The exploitation process typically involves:
- Gaining physical access to the target embedded device
- Accessing the microcontroller through debug interfaces or direct hardware manipulation
- Writing to the undocumented ROM patch peripheral registers
- Modifying ROM behavior to bypass security controls or execute arbitrary code
Detailed technical analysis of this vulnerability is available in the Oxide Blog Post.
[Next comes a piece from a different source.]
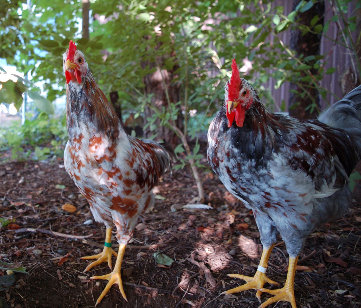 Leghorns. Love 'em. They're perky, active, quick-witted birds who are delightful and beautiful to watch. Miss the big white eggs. will have to get a couple more. All of mine wind up eventually going to jchny2000 because we're buddies, and she likes Leghorns a bunch (which makes them good pick-me-up gifts).

Detection Methods for CVE-2021-31532
Indicators of Compromise
- Unexpected modifications to ROM patch peripheral registers during device operation
- Anomalous debug interface activity or unauthorized SWD/JTAG connections
- Secure boot failures or unexpected code execution paths during startup
- Changes in device behavior that revert after power cycling
Detection Strategies
- Implement hardware tamper detection mechanisms to identify physical access attempts
- Monitor debug interface status and alert on unexpected debug connections
- Deploy runtime integrity verification of critical ROM functions
- Perform periodic audits of embedded devices for signs of physical tampering
Monitoring Recommendations
- Log all debug interface connections and access attempts in connected systems
- Implement anomaly detection for device boot sequences and timing
- Monitor for unusual power consumption patterns that may indicate active exploitation
- Establish baselines for normal device behavior to identify deviations
How to Mitigate CVE-2021-31532
Immediate Actions Required
- Inventory all deployed NXP microcontrollers to identify affected silicon revisions
- Implement physical security controls to prevent unauthorized access to embedded devices
- Disable or restrict debug interfaces where operationally feasible
- Assess the security impact based on the sensitivity of applications running on affected devices
Patch Information
As this vulnerability exists in the silicon hardware, traditional software patches cannot fully remediate the issue. Organizations should consult the NXP Security Portal for guidance on affected silicon revisions and any available mitigations. NXP may have addressed this issue in newer silicon revisions, and upgrading hardware may be necessary for applications requiring the highest security levels.
Workarounds
- Implement physical tamper-evident enclosures for devices containing affected microcontrollers
- Disable debug interfaces permanently through one-time programmable (OTP) fuses where supported
- Deploy additional application-level integrity checks that verify critical code at runtime
- Consider architectural changes that add defense-in-depth layers independent of ROM security
# Example: Checking silicon revision on NXP LPC55 devices
# Use NXP's MCUXpresso tools to identify the silicon revision
# Devices with silicon rev 0A or 1B for LPC55S6x are affected
# Consult device SYSCON registers for revision information
Disclaimer: This content was generated using AI. While we strive for accuracy, please verify critical information with official sources.